The IJ considered his explanation for not obtaining corroborating letters and rejected it for two reasons. First, Irakoze testified that he maintained contact with friends and family through cell phones and intermediaries, and there was no evidence of government awareness of, or interference with, such communications. Second, State Department reports from 2012 through 2016 did not support his claim that the Burundian government surveilled mail, phone, or internet

communications. CAR 75. Accordingly, Irakoze failed to show that corroborating letters were unavailable. See 8 U.S.C. § 1252(b)(4) (“No court shall reverse a determination made by a trier of fact with respect to the availability of corroborating evidence . . . unless the court finds . . . that a reasonable trier of fact is compelled to conclude that such corroborating evidence is unavailable.”).

The agency also considered and rejected Irakoze’s claim that he did not obtain medical records of his treatment because he did not pay attention to it. The IJ recited the claim and reasonably found that the explanation did not satisfy the requisite burden of proof. CAR 75.

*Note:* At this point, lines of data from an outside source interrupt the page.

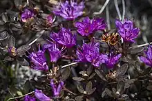 Rhododendron lapponicum, the Lapland rosebay,[1] is a dwarf rhododendron species found in subarctic regions of North America, Europe and Asia, where it grows at altitudes ranging from sea level to 1,900 m (6,200 ft). It is an evergreen prostrate shrub growing to 20–45 cm (7.9–17.7 in) in height, with leaves that are oblong-elliptic or ovate-elliptic to oblong-obovate, 0.4–1.5 by 0.2–0.5 cm in size. The flowers are reddish or purple.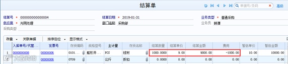 ◆入库单记账后,做结算成本处理,系统会生成费用折扣结算的入库调整单,备注显示为结算单号。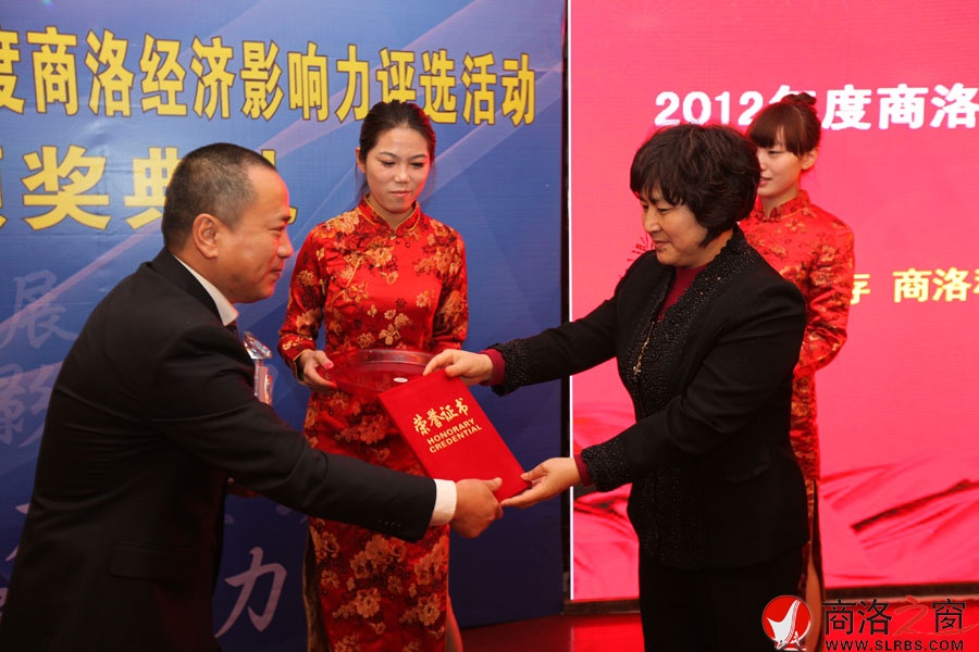 市委常委、宣傳部部長劉淑慧為2012年度商洛最具經濟影響力人物獎項獲得者頒獎。 (本組圖片攝影/方立)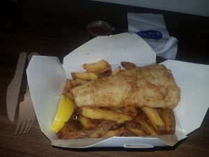 Back to the main event, the food itself was excellent, the batter was full of flavour and had herbs sprinkled throughout it, the fish had a rich and deep taste, with the skin-on chips being crispy on the exterior and sufficiently fluffy on the interior. There was sea salt sprinkled over it, so we were entirely delighted with our choice.

Finally, the document Irakoze did produce—a letter from his employer—confirmed Irakoze’s employment and reported that the police took him from his home on May 5, 2012, but the author was not a witness to the arrest and the letter did not suggest a political motivation for the encounter or provide details. Accordingly, the agency did not err in declining to credit the letter or in concluding that, absent credible testimony or other corroboration, Irakoze failed to meet his burden of proof. See 8 U.S.C. § 1158(b)(1)(B)(ii); Y.C. v.

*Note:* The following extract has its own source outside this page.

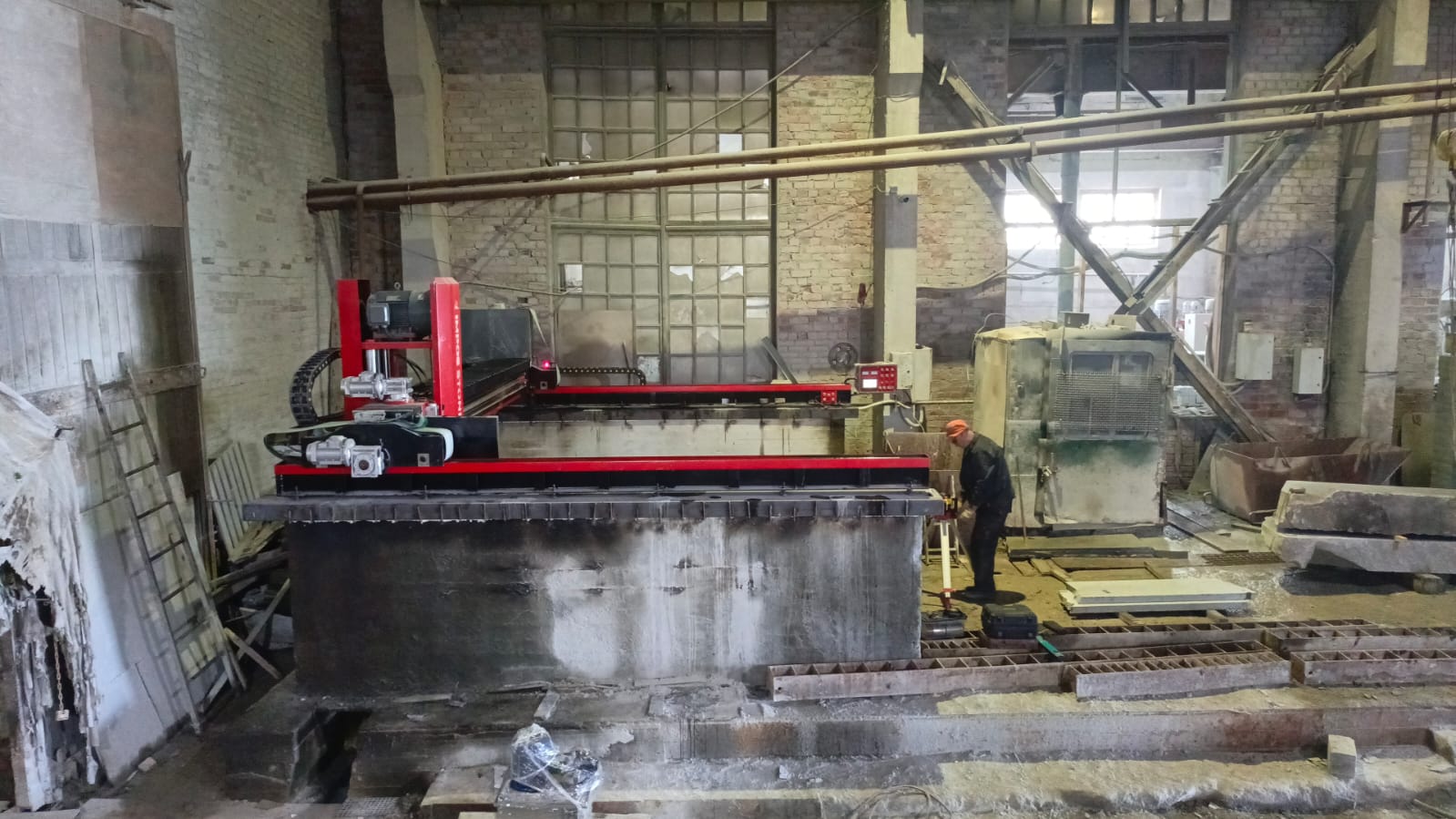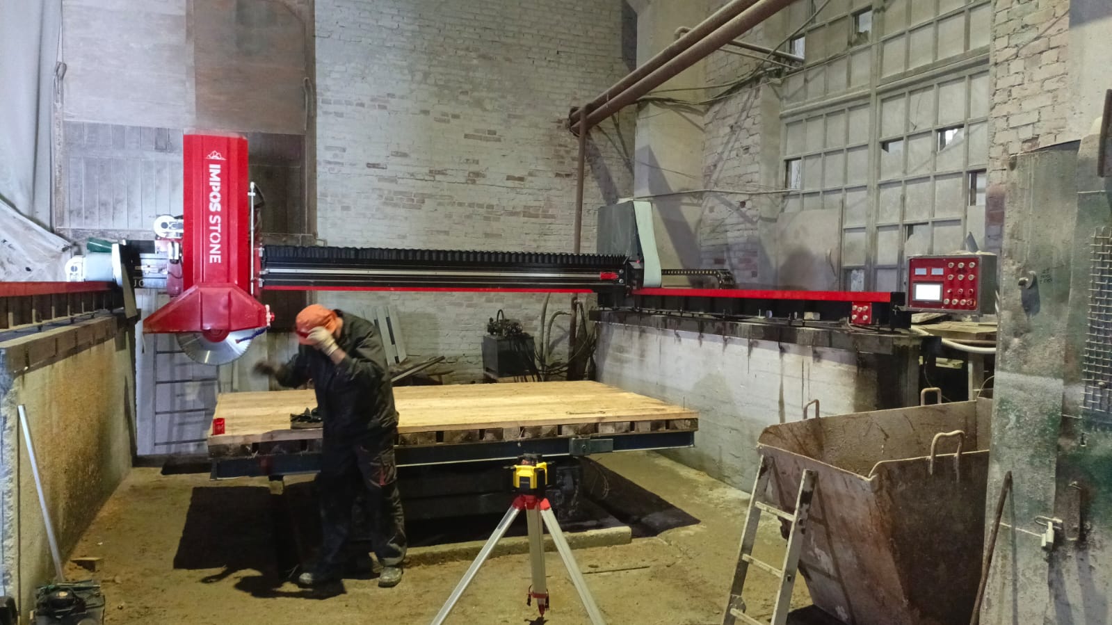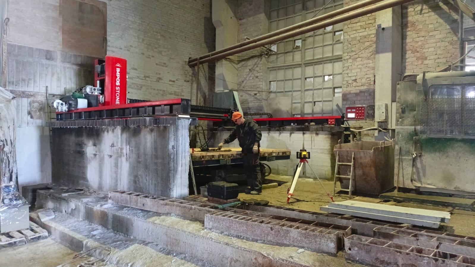 Для увеличения производительности появился запрос на оборудование. В ходе подбора оборудования нами был предложен мостовой станок JC-700 для раскроя плит из природного камня и подобных материалов. В качестве режущего инструмента станка используется алмазный диск размером от 350 до 700мм, дополненный лазерным визиром для задания направления линии реза.

Holder, 741 F.3d 324, 332 (2d Cir. 2013) (“We generally defer to the agency’s evaluation of the weight to be afforded an applicant’s documentary evidence.”). Given Irakoze’s inconsistency regarding his role in the MSD and his failure to provide reasonably available evidence to corroborate his alleged arrest and beating, the agency reasonably concluded that he failed to meet his burden for asylum, withholding of removal, and CAT relief. See 8 U.S.C. §§ 1158(b)(1)(B), 1231(b)(3)(C); 8 C.F.R. § 1208.16(c)(2).

We find no merit in Irakoze’s remaining arguments.

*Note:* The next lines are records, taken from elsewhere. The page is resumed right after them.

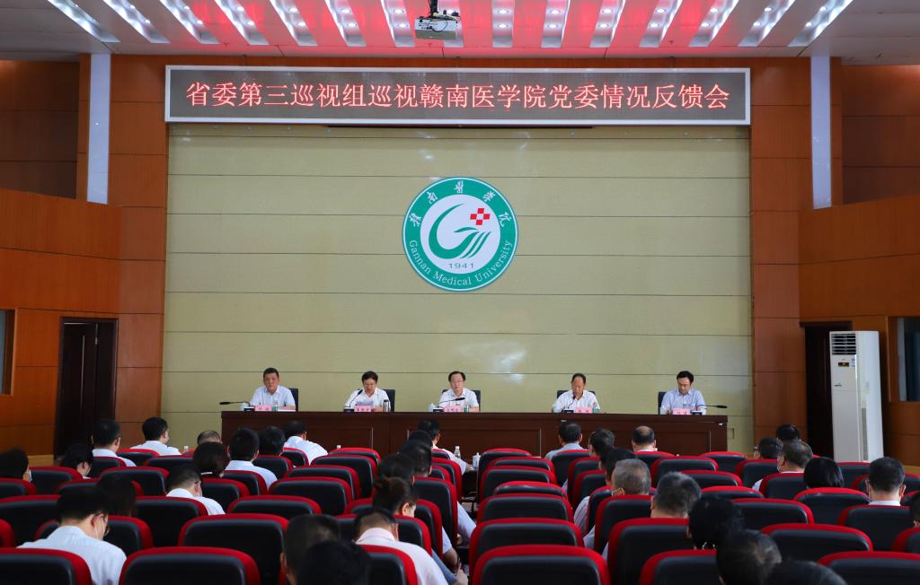 根据省委统一安排,2020年8月21日,省委第三巡视组向赣南医学院党委反馈巡视情况。省纪委常委庄国良出席反馈会议,对抓好巡视整改工作提出要求。会议向赣南医学院党委书记李恭进传达了省委书记刘奇同志听取巡视情况汇报时的讲话精神。省委第三巡视组组长张明代表巡视组分别向李恭进和赣南医学院党委领导班子反馈了巡视情况。李恭进主持反馈会议并作表态讲话。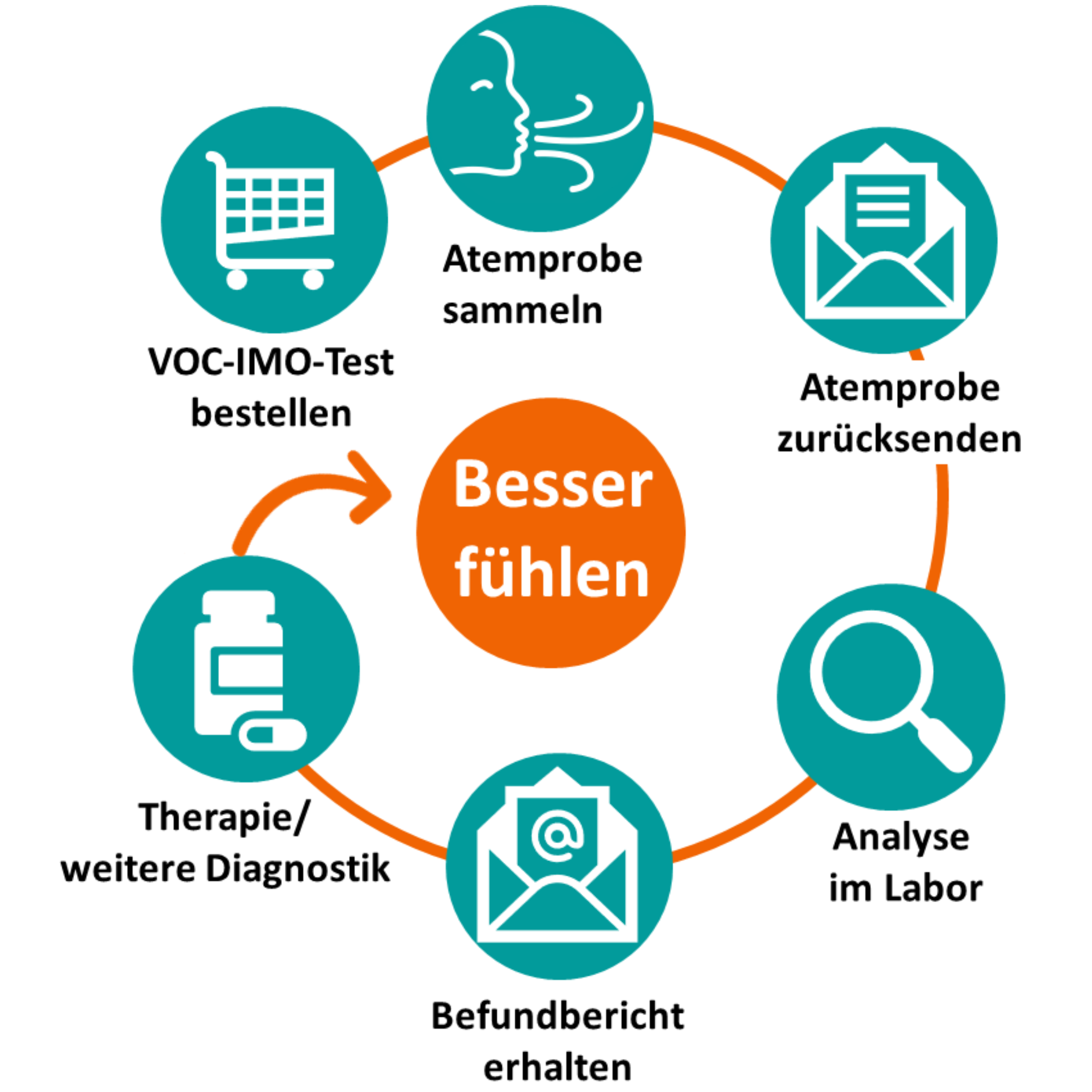 • Der VOC-IMO-Test misst mit einer speziell entwickelten Methode Methan und Kohlendioxid in einem Messvorgang. Dadurch wird eine besonders hohe Präzision der Atemanalyse erreicht.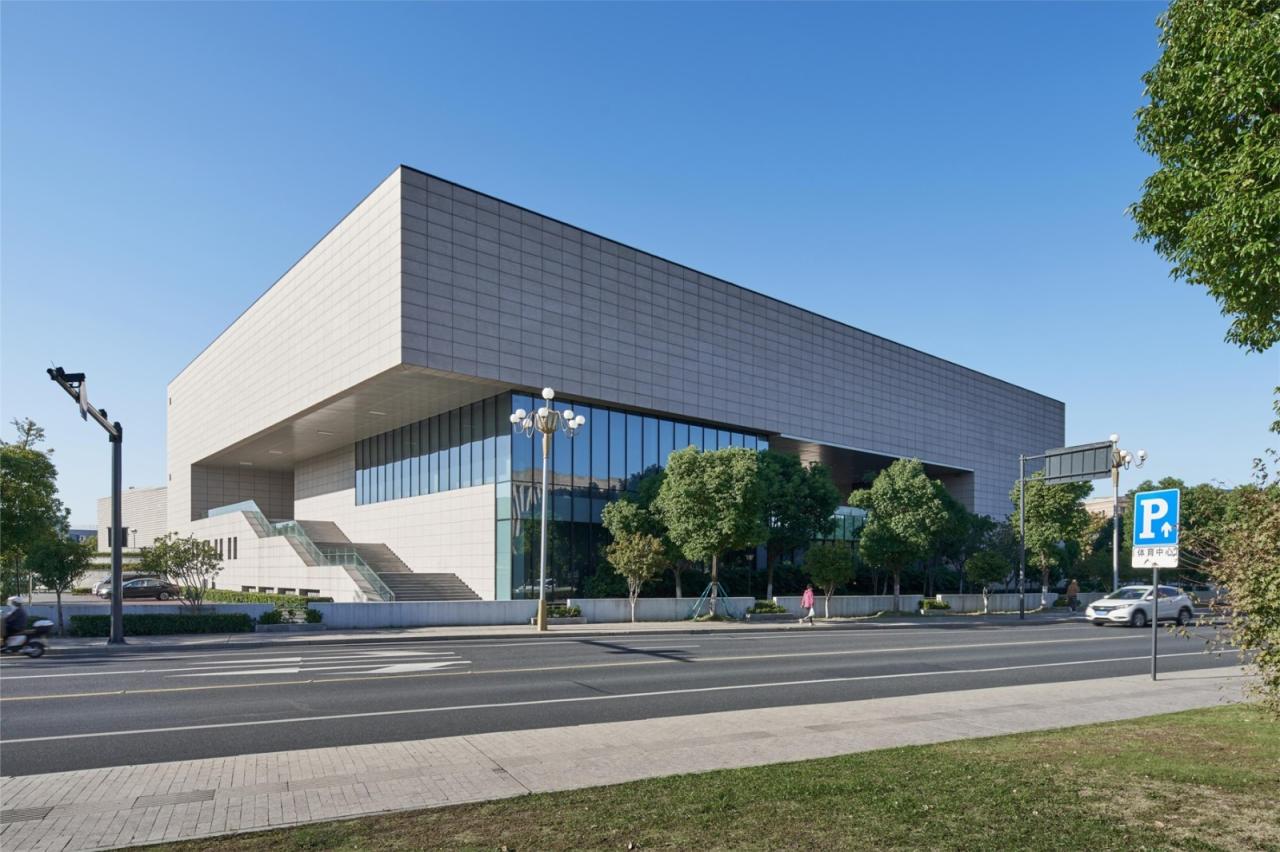 博物馆与图书馆老馆原有立面风格迥异,同时与革命纪念馆立面反差较大,设计师采用化繁为简的方法,通过简单硬朗的几何形与线性元素进行空间与形态的组织。

Irakoze argues that we should remand because portions of the hearing transcript pertaining to his CAT claim are indiscernible. Although a record “littered” with such a notation might necessitate a remand where it impairs appellate review of a claim, Dong Zhong Zheng v. Mukasey, 552 F.3d 277, 284 (2d Cir. 2009), the missing testimony does not impair review because it does not relate to the inconsistent descriptions of his political involvement or resolve the absence of corroboration. As to his request for remand based on more recent evidence of country conditions, we do not remand for consideration of evidence that was not before the

agency. See Xiao Xing Ni v. Gonzales, 494 F.3d 260, 269 (2d Cir. 2007) (holding the remand “is not warranted if, as here: [i] the basis for the remand is an instruction to consider documentary evidence that was not in the record before the BIA; and [ii] the agency regulations set forth procedures to reopen a case before the BIA for the taking of additional evidence.”).

For the foregoing reasons, the petition for review is DENIED. All pending motions and applications are DENIED and stays VACATED.